Found on most phone cameras now, even at the budget end, High Dynamic Range or HDR will balance out the darkest and lightest areas of a photo — you won’t have to choose between details in the clouds in the sky and details in the trees on the ground, because you’ll be able to have both (the same technology is deployed on many phone screens to keep Netflix looking well balanced). HDR is usually enabled by default on most phones, because most of the time you’re going to need it, but if you think it’s working too aggressively or you want to experiment, then you can usually disable it with a tap.
The ISO setting (International Organisation of Standardization, if you were wondering) is the first of three settings that work in tandem to control shot exposure — basically how much light gets in. Increasing the exposure allows in more light (as with night mode shots), but can also introduce more noise. Increase the ISO to increase the camera’s sensitivity to light, but make sure you’re keeping the phone still when taking photos; or decrease it if you want a grainier, grungier look. It’s a setting that’s often left on automatic, but some phones let you adjust it manually, and you can get some decent artistic effects as a result.
Aperture or F-Stop
The second of three settings contributing to the exposure of a shot, or the amount of light captured. The f-stop shows the aperture size, or how wide the camera lens opens, and the smaller the f-stop, the wider the aperture (so the more light gets in) — it’s not on the newest Samsung handsets, but the Galaxy series has previously offered a dual aperture mode, switching between f/1.5 for dark conditions and f/2.4 for better focus and clarity in bright conditions. On digital cameras, a wider aperture (smaller f-stop) can also be used for a shallow depth of field effect, though phones tend to use different techniques for this.

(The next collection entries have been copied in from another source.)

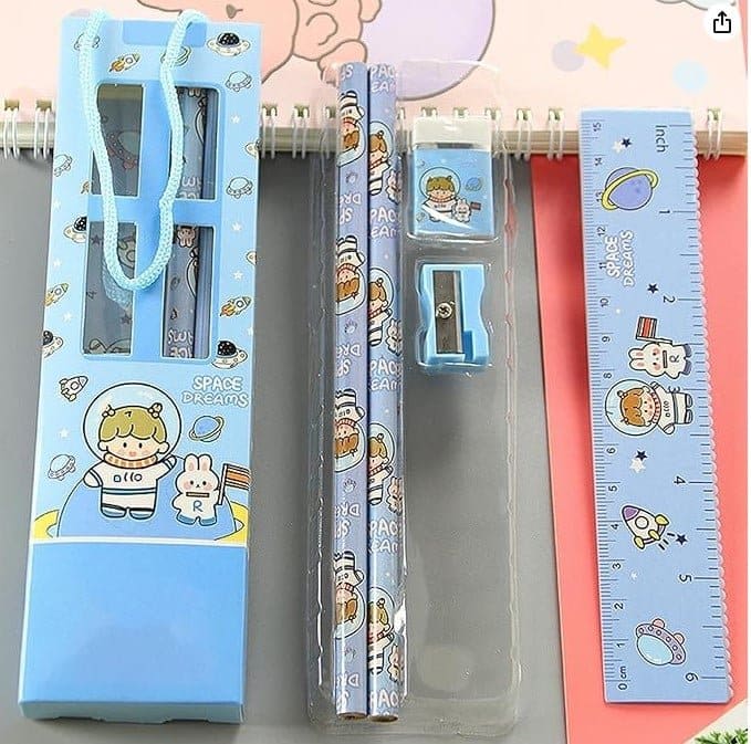 Žaismingas „Space dreams” mokyklinis rinkinys su dviem HB pieštukais, drožtuku, trintuku ir 15 cm linijine. Visi elementai dekoruoti kosmoso ir visatos animuotais motyvais. Puikus pasirinkimas, norint pradžiuginti mažuosius mokinius!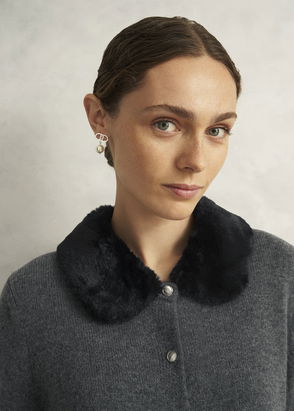 Lulah Wool Blend Fur Collar Knitted Cardigan
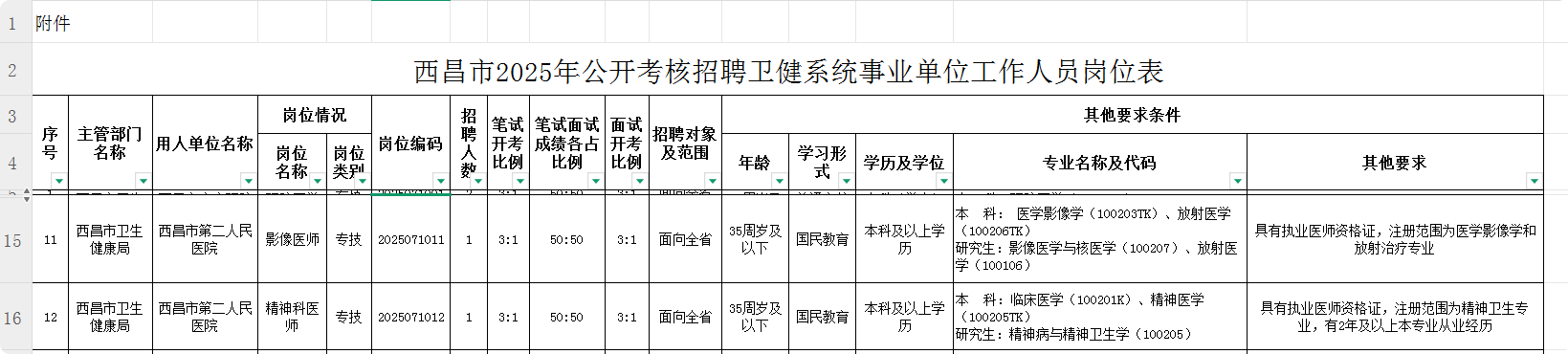 西昌市第二人民医院岗位表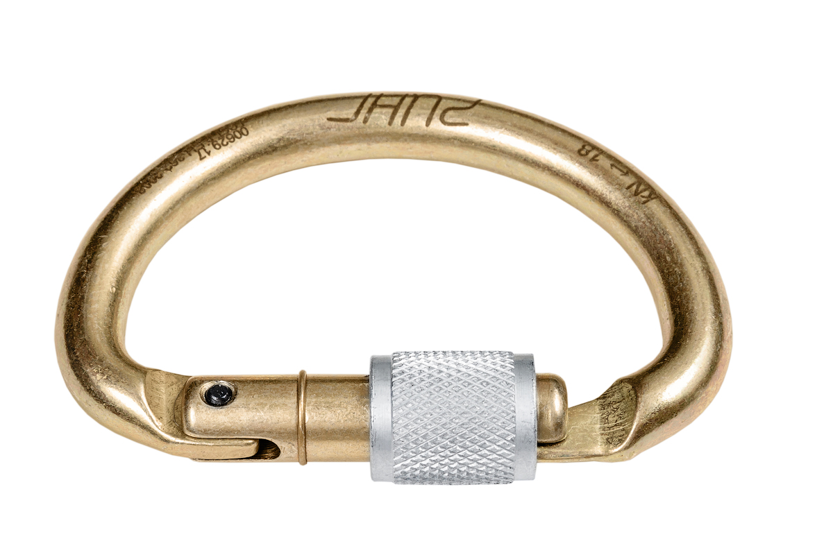 Карабин специально разработанный для блокировки коушей обвязки и присоединения грудного зажима (кроля).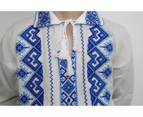 Camasa Tip Ie Traditionala de Baieti Alba cu Motiv Geometric Albastru - ITB15
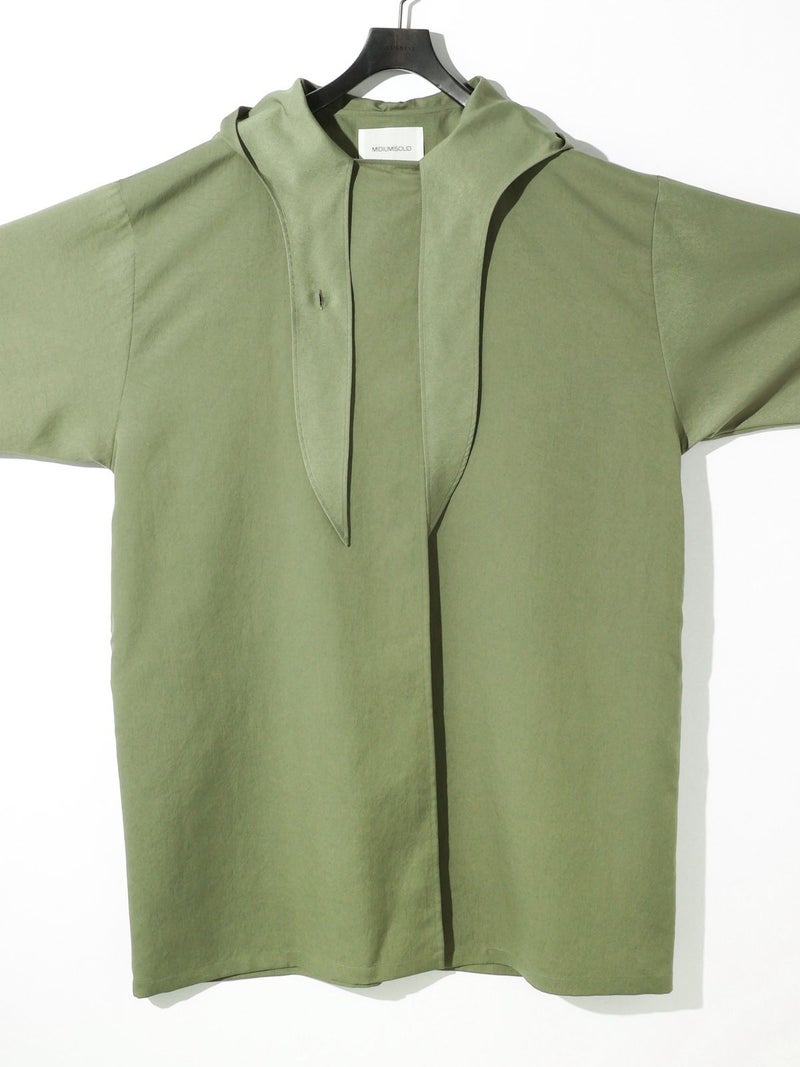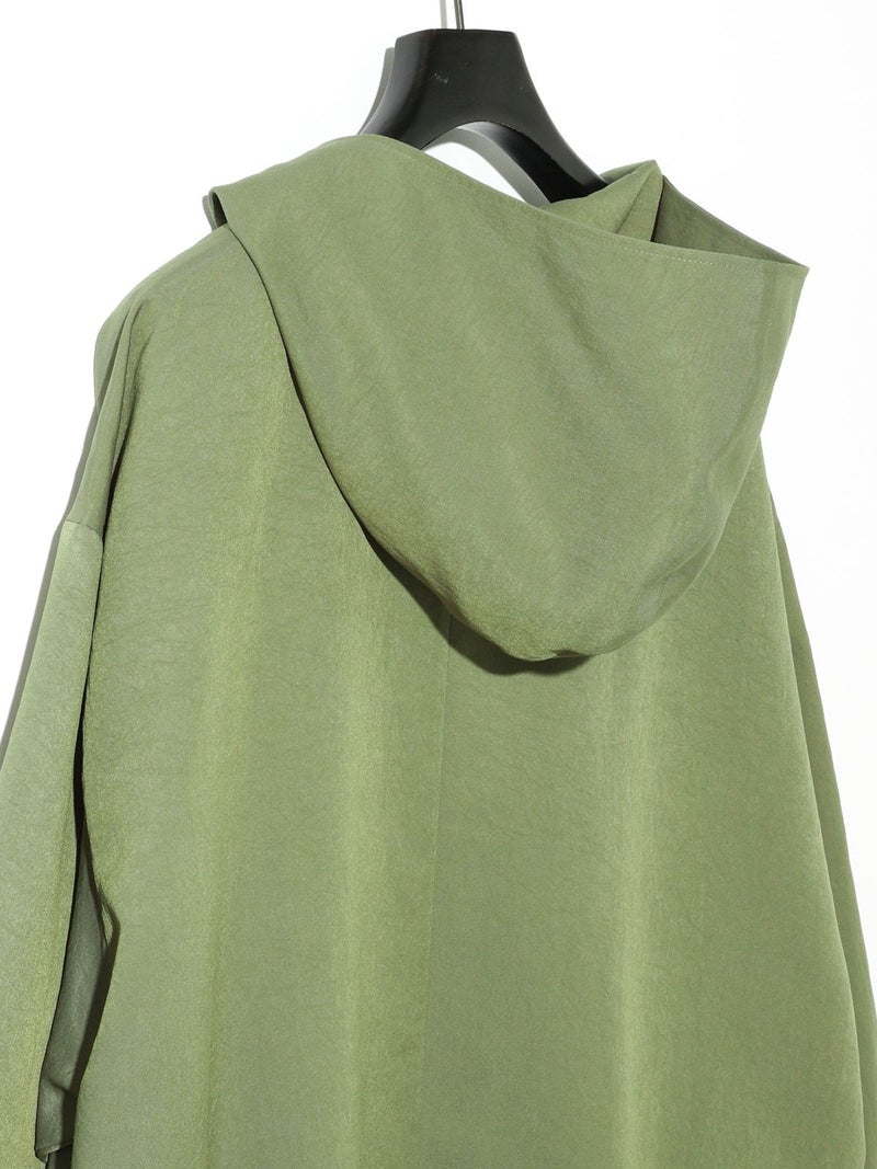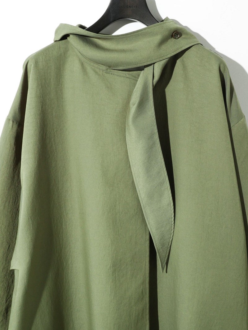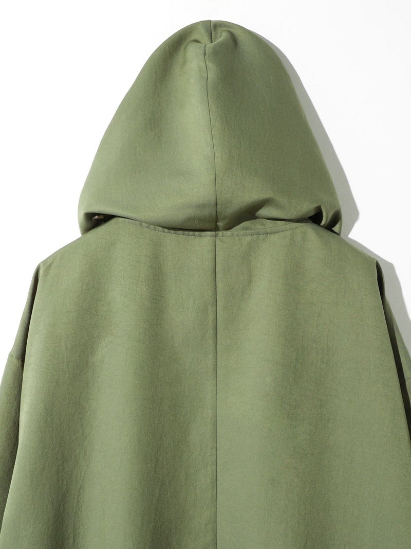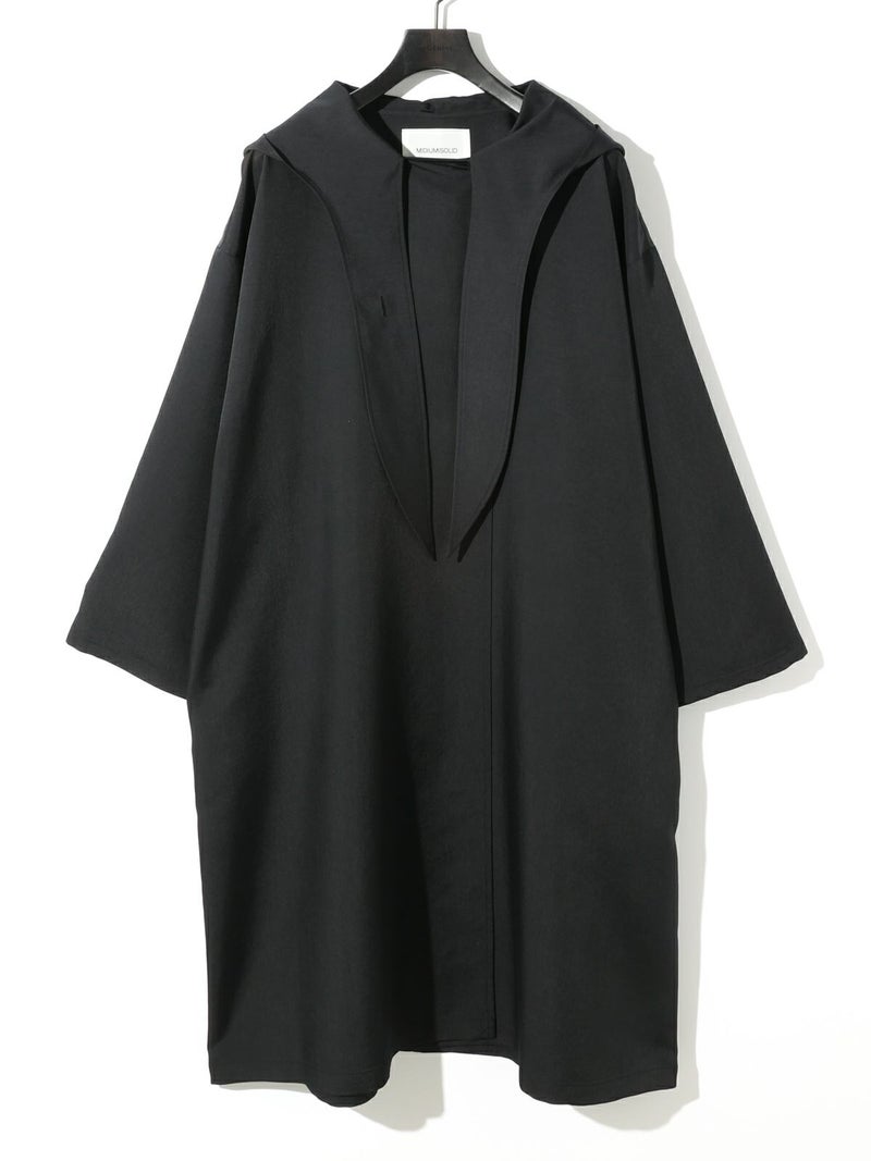 MIDIUMISOLIDのスプリングコートでもあるフード付きオーバーコートです。ゆとりのあるオーバーサイズに仕上げました。フードとタイカラーが特徴的。襟元のタイは女性らしい雰囲気もありながら小ぶりなフードがカジュアル感も表現した魅力的なデザインです。結んで垂らしてボタン留めても素敵です。落ち着きのある3色のカラー展開となっています。

The third of three settings controlling exposure, or how much light hits the camera lens, shutter speed is exactly what it sounds like — how long the shutter stays open for. You’ll notice that many night modes make use of a longer shutter speed to allow more light into the lens, and you’ll notice that these same night modes ask you to keep the camera very still: a longer shutter speed means more likelihood of blur being introduced into shots, if the subjects (or the camera) move around. If your smartphone camera lets you adjust shutter speed manually, you can get creative with it to introduce intentional blurs.
Exposure Value (or Exposure Compensation)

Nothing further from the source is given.